» **DATA SEGMENT**

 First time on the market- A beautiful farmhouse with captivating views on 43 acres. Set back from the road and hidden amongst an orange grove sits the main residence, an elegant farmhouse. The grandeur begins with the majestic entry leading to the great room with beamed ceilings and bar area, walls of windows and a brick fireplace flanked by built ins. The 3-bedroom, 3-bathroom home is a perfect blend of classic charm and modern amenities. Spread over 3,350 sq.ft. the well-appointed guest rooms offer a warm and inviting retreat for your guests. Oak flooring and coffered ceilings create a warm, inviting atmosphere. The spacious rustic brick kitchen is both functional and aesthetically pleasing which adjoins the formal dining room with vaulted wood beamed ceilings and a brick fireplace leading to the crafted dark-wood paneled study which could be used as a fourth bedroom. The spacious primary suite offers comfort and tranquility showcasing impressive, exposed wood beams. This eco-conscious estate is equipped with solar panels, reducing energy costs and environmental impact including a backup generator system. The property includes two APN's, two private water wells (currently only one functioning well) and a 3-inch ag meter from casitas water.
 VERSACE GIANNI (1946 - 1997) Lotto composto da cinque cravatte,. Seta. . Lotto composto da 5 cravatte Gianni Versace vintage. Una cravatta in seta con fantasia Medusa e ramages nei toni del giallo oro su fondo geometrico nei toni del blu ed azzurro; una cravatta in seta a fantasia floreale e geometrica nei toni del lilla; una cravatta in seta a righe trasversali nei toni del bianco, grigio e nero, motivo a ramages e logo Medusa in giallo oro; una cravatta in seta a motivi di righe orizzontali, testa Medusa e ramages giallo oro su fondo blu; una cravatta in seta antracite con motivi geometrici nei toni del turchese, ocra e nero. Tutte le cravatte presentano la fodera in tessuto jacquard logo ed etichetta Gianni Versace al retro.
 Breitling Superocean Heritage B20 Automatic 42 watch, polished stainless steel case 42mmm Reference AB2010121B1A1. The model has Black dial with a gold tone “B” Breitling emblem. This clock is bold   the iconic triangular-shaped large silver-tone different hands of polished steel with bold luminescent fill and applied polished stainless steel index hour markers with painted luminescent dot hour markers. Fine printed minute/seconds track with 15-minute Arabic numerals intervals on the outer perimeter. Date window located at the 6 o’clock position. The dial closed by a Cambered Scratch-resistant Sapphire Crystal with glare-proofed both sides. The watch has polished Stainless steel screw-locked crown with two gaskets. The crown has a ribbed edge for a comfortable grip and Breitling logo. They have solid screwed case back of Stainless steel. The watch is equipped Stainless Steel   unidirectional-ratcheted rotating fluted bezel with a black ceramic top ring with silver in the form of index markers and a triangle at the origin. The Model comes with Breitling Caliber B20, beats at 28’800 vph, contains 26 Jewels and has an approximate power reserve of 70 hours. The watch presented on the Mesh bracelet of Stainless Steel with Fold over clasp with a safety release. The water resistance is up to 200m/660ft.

» **WHAT YOU WILL DO**
Return all of the data word for word.

» **ANSWER FOR THE TASK**
 First time on the market- A beautiful farmhouse with captivating views on 43 acres. Set back from the road and hidden amongst an orange grove sits the main residence, an elegant farmhouse. The grandeur begins with the majestic entry leading to the great room with beamed ceilings and bar area, walls of windows and a brick fireplace flanked by built ins. The 3-bedroom, 3-bathroom home is a perfect blend of classic charm and modern amenities. Spread over 3,350 sq.ft. the well-appointed guest rooms offer a warm and inviting retreat for your guests. Oak flooring and coffered ceilings create a warm, inviting atmosphere. The spacious rustic brick kitchen is both functional and aesthetically pleasing which adjoins the formal dining room with vaulted wood beamed ceilings and a brick fireplace leading to the crafted dark-wood paneled study which could be used as a fourth bedroom. The spacious primary suite offers comfort and tranquility showcasing impressive, exposed wood beams. This eco-conscious estate is equipped with solar panels, reducing energy costs and environmental impact including a backup generator system. The property includes two APN's, two private water wells (currently only one functioning well) and a 3-inch ag meter from casitas water.
 VERSACE GIANNI (1946 - 1997) Lotto composto da cinque cravatte,. Seta. . Lotto composto da 5 cravatte Gianni Versace vintage. Una cravatta in seta con fantasia Medusa e ramages nei toni del giallo oro su fondo geometrico nei toni del blu ed azzurro; una cravatta in seta a fantasia floreale e geometrica nei toni del lilla; una cravatta in seta a righe trasversali nei toni del bianco, grigio e nero, motivo a ramages e logo Medusa in giallo oro; una cravatta in seta a motivi di righe orizzontali, testa Medusa e ramages giallo oro su fondo blu; una cravatta in seta antracite con motivi geometrici nei toni del turchese, ocra e nero. Tutte le cravatte presentano la fodera in tessuto jacquard logo ed etichetta Gianni Versace al retro.
 Breitling Superocean Heritage B20 Automatic 42 watch, polished stainless steel case 42mmm Reference AB2010121B1A1. The model has Black dial with a gold tone “B” Breitling emblem. This clock is bold   the iconic triangular-shaped large silver-tone different hands of polished steel with bold luminescent fill and applied polished stainless steel index hour markers with painted luminescent dot hour markers. Fine printed minute/seconds track with 15-minute Arabic numerals intervals on the outer perimeter. Date window located at the 6 o’clock position. The dial closed by a Cambered Scratch-resistant Sapphire Crystal with glare-proofed both sides. The watch has polished Stainless steel screw-locked crown with two gaskets. The crown has a ribbed edge for a comfortable grip and Breitling logo. They have solid screwed case back of Stainless steel. The watch is equipped Stainless Steel   unidirectional-ratcheted rotating fluted bezel with a black ceramic top ring with silver in the form of index markers and a triangle at the origin. The Model comes with Breitling Caliber B20, beats at 28’800 vph, contains 26 Jewels and has an approximate power reserve of 70 hours. The watch presented on the Mesh bracelet of Stainless Steel with Fold over clasp with a safety release. The water resistance is up to 200m/660ft.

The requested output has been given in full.